:: SOURCE INFORMATION ::

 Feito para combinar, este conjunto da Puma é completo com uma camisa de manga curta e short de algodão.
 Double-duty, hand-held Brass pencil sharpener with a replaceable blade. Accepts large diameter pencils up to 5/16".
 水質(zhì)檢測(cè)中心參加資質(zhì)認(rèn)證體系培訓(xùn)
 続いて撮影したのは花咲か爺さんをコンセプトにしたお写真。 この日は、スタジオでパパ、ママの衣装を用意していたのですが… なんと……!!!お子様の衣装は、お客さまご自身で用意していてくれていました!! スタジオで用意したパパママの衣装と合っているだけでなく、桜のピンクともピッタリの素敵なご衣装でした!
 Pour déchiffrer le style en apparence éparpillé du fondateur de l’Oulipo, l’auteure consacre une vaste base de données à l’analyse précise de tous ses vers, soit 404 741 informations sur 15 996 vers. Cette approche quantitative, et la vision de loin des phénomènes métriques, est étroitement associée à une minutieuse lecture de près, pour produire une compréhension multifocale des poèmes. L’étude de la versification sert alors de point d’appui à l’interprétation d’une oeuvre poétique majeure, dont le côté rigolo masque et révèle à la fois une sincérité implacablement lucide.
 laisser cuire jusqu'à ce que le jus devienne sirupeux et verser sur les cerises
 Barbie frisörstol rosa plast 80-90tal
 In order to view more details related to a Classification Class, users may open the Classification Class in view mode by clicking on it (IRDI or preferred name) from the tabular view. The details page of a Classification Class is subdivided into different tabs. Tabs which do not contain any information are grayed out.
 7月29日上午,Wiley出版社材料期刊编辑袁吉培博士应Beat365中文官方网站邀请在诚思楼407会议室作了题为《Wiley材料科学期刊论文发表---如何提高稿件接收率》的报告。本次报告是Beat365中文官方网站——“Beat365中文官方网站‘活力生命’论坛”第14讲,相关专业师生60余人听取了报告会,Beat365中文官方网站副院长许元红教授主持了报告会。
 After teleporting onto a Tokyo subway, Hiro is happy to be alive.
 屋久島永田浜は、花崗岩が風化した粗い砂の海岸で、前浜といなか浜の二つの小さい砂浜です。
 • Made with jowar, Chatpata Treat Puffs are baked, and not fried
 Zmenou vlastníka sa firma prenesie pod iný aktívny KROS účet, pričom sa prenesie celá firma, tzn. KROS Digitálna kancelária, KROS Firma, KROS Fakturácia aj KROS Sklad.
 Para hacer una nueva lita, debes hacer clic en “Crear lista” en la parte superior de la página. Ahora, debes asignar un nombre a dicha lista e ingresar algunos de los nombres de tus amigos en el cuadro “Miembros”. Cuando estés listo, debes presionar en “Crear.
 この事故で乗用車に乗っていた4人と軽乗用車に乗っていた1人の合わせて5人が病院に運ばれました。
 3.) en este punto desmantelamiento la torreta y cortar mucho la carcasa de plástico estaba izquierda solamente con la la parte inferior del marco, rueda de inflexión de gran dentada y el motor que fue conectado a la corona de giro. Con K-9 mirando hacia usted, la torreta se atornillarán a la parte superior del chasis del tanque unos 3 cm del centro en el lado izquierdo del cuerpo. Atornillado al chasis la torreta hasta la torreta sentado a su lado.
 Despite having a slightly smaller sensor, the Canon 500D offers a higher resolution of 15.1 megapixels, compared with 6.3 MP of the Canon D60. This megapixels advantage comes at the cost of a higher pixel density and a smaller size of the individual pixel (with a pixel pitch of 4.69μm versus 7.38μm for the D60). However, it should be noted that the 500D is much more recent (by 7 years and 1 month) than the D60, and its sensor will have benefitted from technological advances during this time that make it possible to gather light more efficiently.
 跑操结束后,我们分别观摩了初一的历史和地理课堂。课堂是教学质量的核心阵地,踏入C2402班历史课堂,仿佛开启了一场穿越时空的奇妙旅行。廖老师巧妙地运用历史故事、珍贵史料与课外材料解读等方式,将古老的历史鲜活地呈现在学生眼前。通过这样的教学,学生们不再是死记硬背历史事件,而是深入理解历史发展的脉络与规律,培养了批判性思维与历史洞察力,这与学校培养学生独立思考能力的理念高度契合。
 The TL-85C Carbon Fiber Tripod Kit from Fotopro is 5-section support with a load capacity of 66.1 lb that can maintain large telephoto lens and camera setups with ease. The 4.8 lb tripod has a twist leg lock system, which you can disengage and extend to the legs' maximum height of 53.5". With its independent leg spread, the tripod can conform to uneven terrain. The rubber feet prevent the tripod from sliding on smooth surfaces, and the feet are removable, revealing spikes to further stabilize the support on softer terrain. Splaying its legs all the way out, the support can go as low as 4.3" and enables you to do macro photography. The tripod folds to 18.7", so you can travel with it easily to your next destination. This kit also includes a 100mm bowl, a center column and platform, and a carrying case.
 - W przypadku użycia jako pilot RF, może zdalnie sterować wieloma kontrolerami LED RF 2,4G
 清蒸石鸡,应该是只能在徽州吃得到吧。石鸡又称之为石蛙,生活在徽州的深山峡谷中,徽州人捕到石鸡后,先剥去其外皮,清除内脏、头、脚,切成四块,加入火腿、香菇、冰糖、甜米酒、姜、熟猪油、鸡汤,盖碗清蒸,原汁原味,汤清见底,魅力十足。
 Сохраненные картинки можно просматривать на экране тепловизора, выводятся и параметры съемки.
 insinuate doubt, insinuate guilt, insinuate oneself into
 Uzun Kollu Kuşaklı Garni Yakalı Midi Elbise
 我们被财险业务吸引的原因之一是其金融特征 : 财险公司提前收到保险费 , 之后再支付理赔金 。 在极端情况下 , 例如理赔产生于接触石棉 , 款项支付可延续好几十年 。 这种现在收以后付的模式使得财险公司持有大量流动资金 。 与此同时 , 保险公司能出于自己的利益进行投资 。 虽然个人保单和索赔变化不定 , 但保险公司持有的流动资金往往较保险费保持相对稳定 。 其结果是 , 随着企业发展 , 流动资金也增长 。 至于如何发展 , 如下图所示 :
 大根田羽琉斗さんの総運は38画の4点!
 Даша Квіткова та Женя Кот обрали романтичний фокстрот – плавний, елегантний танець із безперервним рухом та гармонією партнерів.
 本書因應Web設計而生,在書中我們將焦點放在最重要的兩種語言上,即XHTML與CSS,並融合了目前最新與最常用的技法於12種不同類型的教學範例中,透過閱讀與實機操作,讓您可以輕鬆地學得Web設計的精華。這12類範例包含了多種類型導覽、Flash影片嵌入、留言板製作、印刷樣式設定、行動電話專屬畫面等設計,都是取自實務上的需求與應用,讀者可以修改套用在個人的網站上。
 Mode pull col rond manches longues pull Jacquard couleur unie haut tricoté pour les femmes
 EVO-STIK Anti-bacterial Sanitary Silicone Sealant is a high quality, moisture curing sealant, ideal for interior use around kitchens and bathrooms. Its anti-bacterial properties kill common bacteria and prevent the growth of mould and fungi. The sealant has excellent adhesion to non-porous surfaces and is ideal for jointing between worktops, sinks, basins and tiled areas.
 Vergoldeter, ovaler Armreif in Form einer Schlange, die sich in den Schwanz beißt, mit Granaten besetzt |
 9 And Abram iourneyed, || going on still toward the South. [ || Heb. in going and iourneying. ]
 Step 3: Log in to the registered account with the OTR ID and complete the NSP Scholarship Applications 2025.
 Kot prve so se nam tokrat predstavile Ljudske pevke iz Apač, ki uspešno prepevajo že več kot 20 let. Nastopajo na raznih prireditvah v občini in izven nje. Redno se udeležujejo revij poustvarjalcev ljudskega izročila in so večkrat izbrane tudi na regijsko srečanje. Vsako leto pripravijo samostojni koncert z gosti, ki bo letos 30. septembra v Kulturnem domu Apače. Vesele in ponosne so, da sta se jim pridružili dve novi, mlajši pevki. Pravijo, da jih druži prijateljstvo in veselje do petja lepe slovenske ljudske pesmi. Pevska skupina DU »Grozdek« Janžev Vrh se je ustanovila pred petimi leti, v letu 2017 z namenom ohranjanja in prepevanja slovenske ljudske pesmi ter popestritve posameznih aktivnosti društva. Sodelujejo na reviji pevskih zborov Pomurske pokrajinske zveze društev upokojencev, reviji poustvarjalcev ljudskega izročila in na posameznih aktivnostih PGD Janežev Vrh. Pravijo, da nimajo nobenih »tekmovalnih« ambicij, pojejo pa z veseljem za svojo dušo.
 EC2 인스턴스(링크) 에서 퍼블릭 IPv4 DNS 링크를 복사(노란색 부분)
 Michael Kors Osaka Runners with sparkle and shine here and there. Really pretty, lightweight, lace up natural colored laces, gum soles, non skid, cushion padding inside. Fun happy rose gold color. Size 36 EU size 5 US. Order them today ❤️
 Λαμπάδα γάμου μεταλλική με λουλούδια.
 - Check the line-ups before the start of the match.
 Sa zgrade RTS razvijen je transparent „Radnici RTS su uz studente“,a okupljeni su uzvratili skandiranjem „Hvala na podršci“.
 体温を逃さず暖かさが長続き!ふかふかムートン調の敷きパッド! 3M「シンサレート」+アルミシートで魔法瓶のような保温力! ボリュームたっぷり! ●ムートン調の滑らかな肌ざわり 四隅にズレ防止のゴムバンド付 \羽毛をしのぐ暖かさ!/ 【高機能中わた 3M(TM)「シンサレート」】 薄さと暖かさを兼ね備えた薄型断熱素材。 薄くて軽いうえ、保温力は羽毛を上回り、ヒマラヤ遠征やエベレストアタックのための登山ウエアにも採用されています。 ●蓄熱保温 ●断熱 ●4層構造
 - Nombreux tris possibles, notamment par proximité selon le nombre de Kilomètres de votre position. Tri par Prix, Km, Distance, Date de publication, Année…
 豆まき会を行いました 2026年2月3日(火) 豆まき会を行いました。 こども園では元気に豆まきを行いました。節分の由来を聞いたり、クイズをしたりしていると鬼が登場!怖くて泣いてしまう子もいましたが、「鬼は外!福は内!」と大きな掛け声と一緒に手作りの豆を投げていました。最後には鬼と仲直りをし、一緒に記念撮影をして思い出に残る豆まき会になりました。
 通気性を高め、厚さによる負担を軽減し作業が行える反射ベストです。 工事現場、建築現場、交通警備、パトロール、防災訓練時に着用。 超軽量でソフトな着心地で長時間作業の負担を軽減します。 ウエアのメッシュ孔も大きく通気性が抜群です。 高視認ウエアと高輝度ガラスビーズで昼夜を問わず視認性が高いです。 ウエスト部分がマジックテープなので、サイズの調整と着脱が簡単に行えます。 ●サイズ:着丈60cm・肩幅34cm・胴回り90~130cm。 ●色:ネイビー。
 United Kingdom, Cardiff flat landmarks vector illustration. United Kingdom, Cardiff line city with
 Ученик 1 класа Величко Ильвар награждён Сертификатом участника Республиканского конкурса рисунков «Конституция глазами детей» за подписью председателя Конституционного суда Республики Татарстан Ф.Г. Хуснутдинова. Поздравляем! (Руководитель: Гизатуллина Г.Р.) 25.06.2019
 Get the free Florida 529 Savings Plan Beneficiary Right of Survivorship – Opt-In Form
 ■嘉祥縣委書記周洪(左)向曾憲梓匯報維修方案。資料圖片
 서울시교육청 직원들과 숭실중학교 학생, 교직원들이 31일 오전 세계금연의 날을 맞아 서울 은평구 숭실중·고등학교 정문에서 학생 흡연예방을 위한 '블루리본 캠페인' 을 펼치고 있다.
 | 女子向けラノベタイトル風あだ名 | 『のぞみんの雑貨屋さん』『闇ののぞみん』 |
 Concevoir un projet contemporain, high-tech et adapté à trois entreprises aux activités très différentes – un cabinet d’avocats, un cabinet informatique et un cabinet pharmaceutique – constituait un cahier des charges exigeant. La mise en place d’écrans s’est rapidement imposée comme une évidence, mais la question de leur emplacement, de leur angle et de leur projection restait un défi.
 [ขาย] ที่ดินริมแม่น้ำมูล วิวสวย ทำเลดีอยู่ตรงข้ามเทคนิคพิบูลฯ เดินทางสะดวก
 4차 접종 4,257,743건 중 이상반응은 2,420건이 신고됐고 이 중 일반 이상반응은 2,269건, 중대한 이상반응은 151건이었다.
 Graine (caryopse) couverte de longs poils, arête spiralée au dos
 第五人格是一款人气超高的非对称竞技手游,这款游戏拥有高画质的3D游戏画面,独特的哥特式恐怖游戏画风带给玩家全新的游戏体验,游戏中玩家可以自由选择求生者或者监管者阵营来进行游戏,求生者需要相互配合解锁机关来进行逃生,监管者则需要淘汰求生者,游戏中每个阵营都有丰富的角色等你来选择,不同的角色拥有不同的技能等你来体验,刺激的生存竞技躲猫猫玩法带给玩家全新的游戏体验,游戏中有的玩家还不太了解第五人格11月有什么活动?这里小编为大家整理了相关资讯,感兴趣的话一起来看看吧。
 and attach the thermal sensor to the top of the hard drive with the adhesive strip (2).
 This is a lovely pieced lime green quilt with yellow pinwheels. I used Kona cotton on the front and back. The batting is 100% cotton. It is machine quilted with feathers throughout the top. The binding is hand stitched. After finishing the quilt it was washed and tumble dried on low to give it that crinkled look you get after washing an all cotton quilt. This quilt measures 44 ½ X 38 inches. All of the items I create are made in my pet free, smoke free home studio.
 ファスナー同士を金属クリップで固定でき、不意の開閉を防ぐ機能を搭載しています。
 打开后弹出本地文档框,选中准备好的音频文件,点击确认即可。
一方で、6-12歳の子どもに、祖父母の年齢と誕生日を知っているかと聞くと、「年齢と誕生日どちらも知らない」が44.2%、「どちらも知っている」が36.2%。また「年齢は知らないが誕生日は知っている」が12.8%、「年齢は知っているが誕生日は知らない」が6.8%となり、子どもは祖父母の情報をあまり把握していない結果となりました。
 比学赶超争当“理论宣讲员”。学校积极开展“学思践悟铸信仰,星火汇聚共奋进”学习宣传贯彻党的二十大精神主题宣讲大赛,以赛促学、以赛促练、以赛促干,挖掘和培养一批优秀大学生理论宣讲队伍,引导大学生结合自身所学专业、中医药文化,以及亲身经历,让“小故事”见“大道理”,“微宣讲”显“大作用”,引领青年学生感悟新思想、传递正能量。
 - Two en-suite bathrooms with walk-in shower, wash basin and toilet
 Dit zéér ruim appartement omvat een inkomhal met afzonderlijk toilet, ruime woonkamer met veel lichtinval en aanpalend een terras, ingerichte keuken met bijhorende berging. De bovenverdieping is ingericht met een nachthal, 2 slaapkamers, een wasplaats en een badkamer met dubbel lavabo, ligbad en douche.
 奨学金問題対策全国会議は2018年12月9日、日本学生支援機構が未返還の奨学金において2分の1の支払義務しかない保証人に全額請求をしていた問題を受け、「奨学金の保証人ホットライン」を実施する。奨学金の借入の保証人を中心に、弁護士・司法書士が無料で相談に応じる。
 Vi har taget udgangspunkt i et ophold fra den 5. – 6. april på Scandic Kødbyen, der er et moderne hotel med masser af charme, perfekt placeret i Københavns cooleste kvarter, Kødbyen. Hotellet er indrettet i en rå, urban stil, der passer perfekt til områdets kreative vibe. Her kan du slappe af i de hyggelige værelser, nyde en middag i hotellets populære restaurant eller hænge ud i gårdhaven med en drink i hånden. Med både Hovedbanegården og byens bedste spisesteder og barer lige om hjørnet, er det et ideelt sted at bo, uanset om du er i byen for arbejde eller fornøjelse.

:::

PROBLEM STATEMENT. Exactly one number is the answer: how many lines of the entries contain the string "bathrooms".

YOUR RESPONSE. 2